The wasteland was hung with delirium in the heat of the day, and the horizons shimmered like flame. Sun blazed down and reflected from the empty sand and merciless rocks, leaving no place of shelter nor a scrap of shade in which to hide from the blistering heat. Kardan’s shadow was directly beneath him, and so he knew the sun was at a hateful zenith, watching him with an unflinching eye as it awaited his death.

He knew he was not far from that dark kingdom, for only his will kept him moving despite his wounds. None of them were mortal, but he was scored by a dozen of them, the blood long since dried to black crust. His scaled armor was rent and hung from his massive frame, the bronze and horn scales rattling as he moved, the metal searing to the touch. His sandals were coming loose, the ties trailing behind his footsteps to leave traces in the sand of their own. In his right hand he clutched his notched and twisted sword, and in his left hand was his bronze-headed axe, the head still clotted with hair and pieces of bone.

His lips were cracked with thirst, and he resisted the urge to lick them, for his tongue was swollen and dry, with no ease to give. Instead he bit the strips of peeling skin for the pain it gave, and the drams of energy he could take from each small sting. Carrion birds circled over him, sure of meat soon to come, and he cursed them in his mind. The circling shadows would soon bring his pursuers upon him, and then he would have to turn at bay and face them.

He heard them, then, the chariot wheels rattling over the stony desert pan, and he lurched toward a great rock, twice as tall as he was.
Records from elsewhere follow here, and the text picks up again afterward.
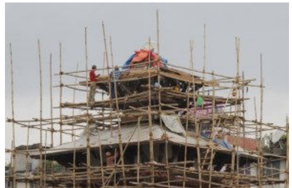
Workers renovating the roof of a temple at Basantapur in Kathmandu on Wednesday.
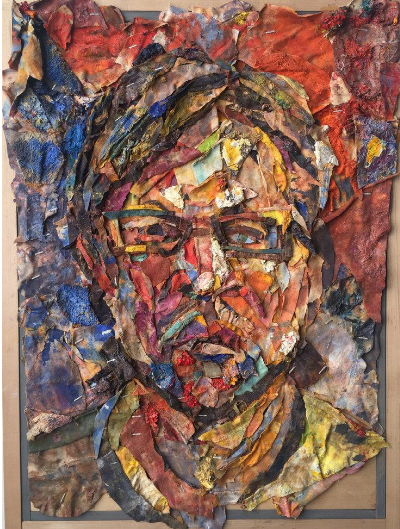
(Detail) Self-Portrait · Mixed Media, Paint Rags · 25 x 18 2014
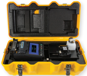
Workstation in Transit Case
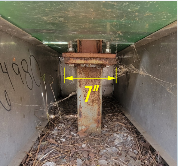
EXISTING POLE / MATCH PLATE
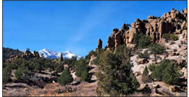
Snowy Collegiate Peaks over BCNM hoodoo rock spires.

It was wonderful to partner with FOBC. They are the local stewards of BCNM working with the local management agencies and were deeply involved in achieving the monument status in 2015. Additionally, FOBC coordinated with Forest Service's (USFS) Salida Ranger District for this event, securing us approval and access past a USFS administrative gate, which provided for a very special outing for this lucky group.
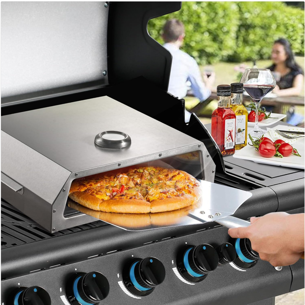
Image 5.1: A cooked pizza being carefully removed from the oven using a pizza peel.
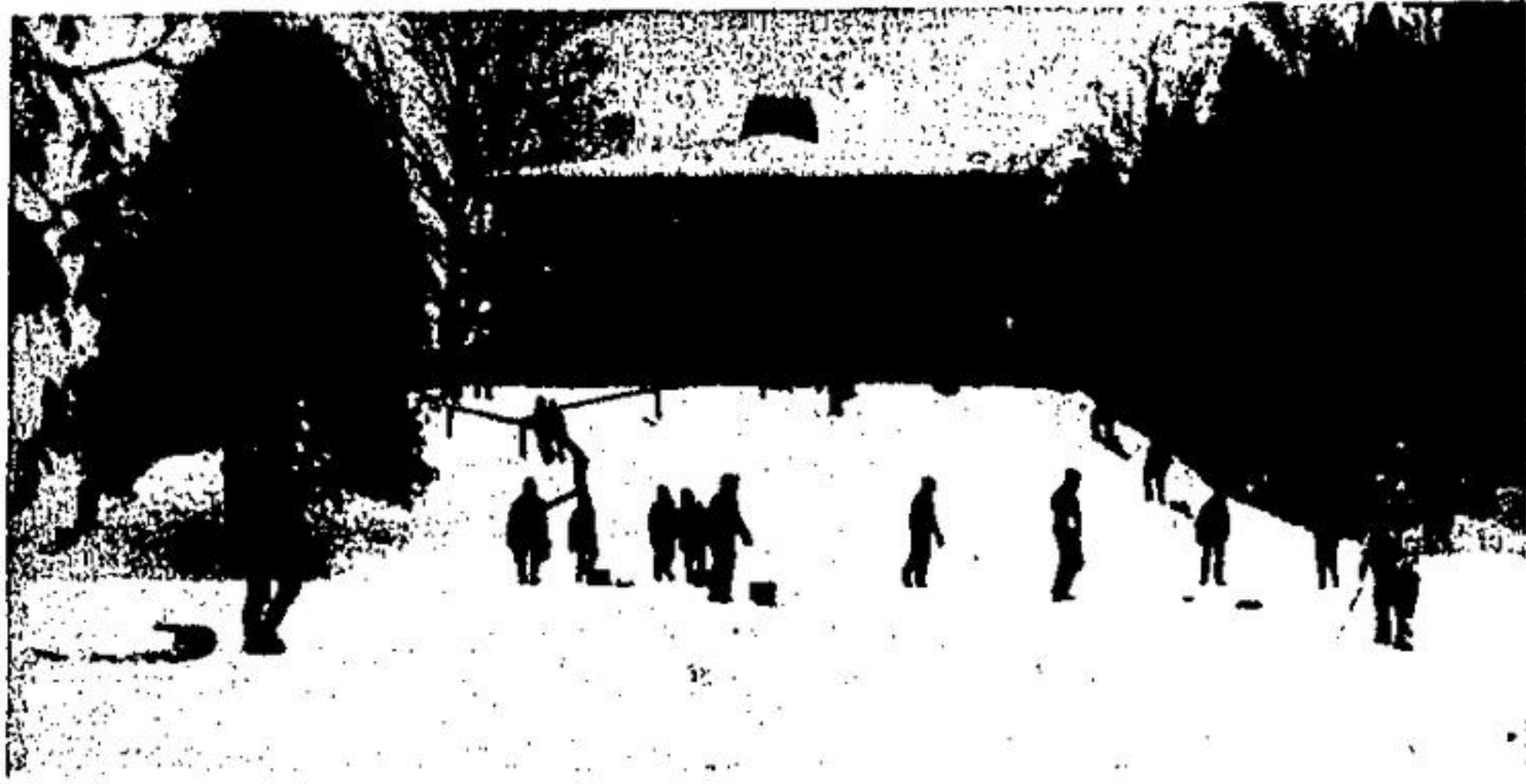
TOBOGGAN RUN just below the pavilion at Rockwood Conservation area saw slides, skids and spills Saturday when Calvinist boys' clubs from Acton, Guelph, Brantford, Galt and Hamilton gathered for a full outdoor program together Saturday.
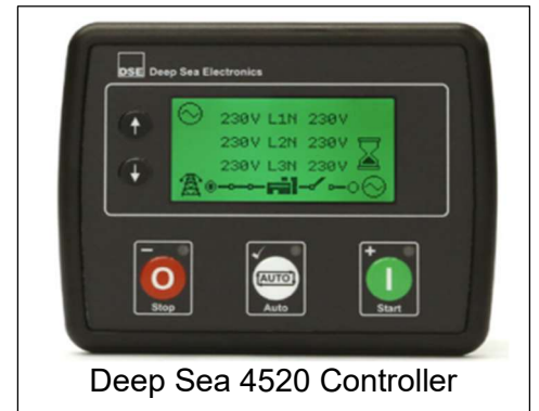
Deep Sea 4520 Controller
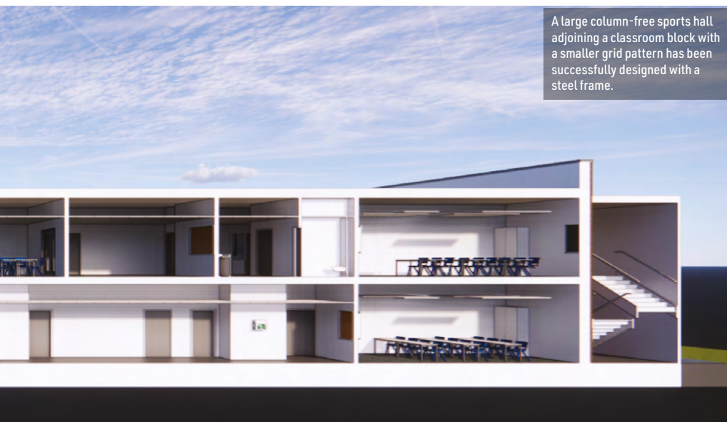
A large column-free sports hall adjoining a classroom block with a smaller grid pattern has been successfully designed with a steel frame.

He put his back against the burning hot stone and lowered his head so that his heavy brows gave his eyes some shade from the noontide sun. He saw the hunters coming through the shimmer of heat, and he wished he could spit upon the ground.

Three chariots appeared over the ridge, and he heard the drivers’ whips crack as they drove their weary horses onward. This land was not gentle to either man or beast, and he knew only the fear of exhausting their beasts had allowed him to outpace his pursuers for so long. He saw the glint of sun on bronze helms and spearpoints, and he saw the skirmishers jump from the backs of the chariots as the drivers moved in and turned to circle him. Behind each driver an archer stood, ready to loose arrows if he was not brought down.

Kardan breathed harder through his teeth, clenching his jaw and letting rage boil sluggishly through his veins. He did not have much strength left, but he would spend it to buy the blood of his enemies. He lifted his battered sword and axe and watched the three skirmishers close in. They carried their little crescent shields and each one had a fistful of javelins, and he knew if he let them they would set barbs in his flesh to make him easy prey for the archers. They moved into range, hefting their long darts, watching him. He had killed six men already this day – they would not take him lightly.